Department of Pediatric Radiology, Hacettepe University, Ankara, Turkey.
Pediatr Rheumatol Online J. 2024 Oct 8;22(1):89. doi: 10.1186/s12969-024-01016-9.
Camurati-Engelmann disease (CED), also known as progressive diaphyseal dysplasia, is a rare genetic disorder characterized by abnormal thickening of the long bones' diaphysis. This condition is caused by mutations in the transforming growth factor beta-1 (TGFB-1) gene and is typically inherited in an autosomal dominant pattern. Patients with CED often present with symptoms such as chronic bone pain, muscle weakness, fatigue, and difficulty walking.

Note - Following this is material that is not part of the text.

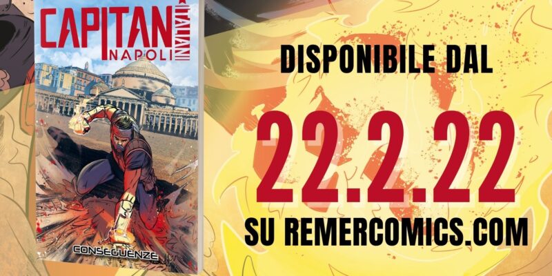 Dopo la trionfale campagna di crowdfunding #Eroinsieme (https://www.indiegogo.com/projects/capitan-napoli-vol-2#/), il secondo volume di Capitan Napoli diventa disponibile per tutti. Remer Comics ha scelto una data che potesse far sentire a tutti che Capitan Napoli è tornato. Oggi 2 febbraio 2022 (appunto 22.2.22) arriva disponibile sul sito della casa editrice, su tutte le piattaforme online (Amazon, ecc.) e presso i distributori (Manicomix, Starshop e Terminal Video) il nuovo albo a fumetti del giovane eroe partenopeo.

We report a 30-month-old boy who presented with gait abnormality. Initially, toxic synovitis was considered, and non-steroidal anti-inflammatory (NSAİ) treatment was administered. The patient did not respond to NSAİ treatment. Direct radiographs showed diaphyseal thickening, especially in the long bones. Radiologically, CED was suspected, and clinical exome sequencing identified a TGFB-1: c1121C > G (Pro374Arg) heterozygous mutation, which was interpreted as a possible pathogenic variant for CED. A clinical, radiologic, and genetic diagnosis of CED was made.

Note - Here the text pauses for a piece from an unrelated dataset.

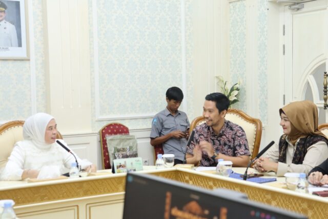 PASTIBERITA – Ketua Tim Penggerak (TP) Pemberdayaan Kesejahteraan Keluarga (PKK) Dewi Sastrani, menerima audensi dari komunitas Sanggar Tari Palembang (SATAPA) di Ruang Rapat II Setda, Selasa (14/4).

Due to its rarity and variable clinical presentation, the diagnosis of CED can be challenging and often requires a high index of suspicion. Early and accurate diagnosis is crucial for managing symptoms and improving patients' quality of life.
Camurati-Engelmann 病(CED),也称为进行性骨干发育不良,是一种罕见的遗传性疾病,其特征是长骨干骺端异常增厚。这种情况是由转化生长因子β-1(TGFB-1)基因突变引起的,通常以常染色体显性遗传模式遗传。CED 患者常出现慢性骨痛、肌肉无力、疲劳和行走困难等症状。
我们报告了一名 30 个月大的男孩,他出现步态异常。最初考虑毒性滑膜炎,并给予非甾体抗炎药(NSAID)治疗。但患者对 NSAID 治疗无反应。直接射线照相显示骨干增厚,特别是长骨。影像学怀疑 CED,并通过临床外显子组测序发现 TGFB-1:c1121C > G(Pro374Arg)杂合突变,该突变被解释为 CED 的可能致病性变异。做出了 CED 的临床、放射学和遗传学诊断。
由于其罕见性和不同的临床表现,CED 的诊断可能具有挑战性,通常需要高度怀疑。早期和准确的诊断对于管理症状和提高患者的生活质量至关重要。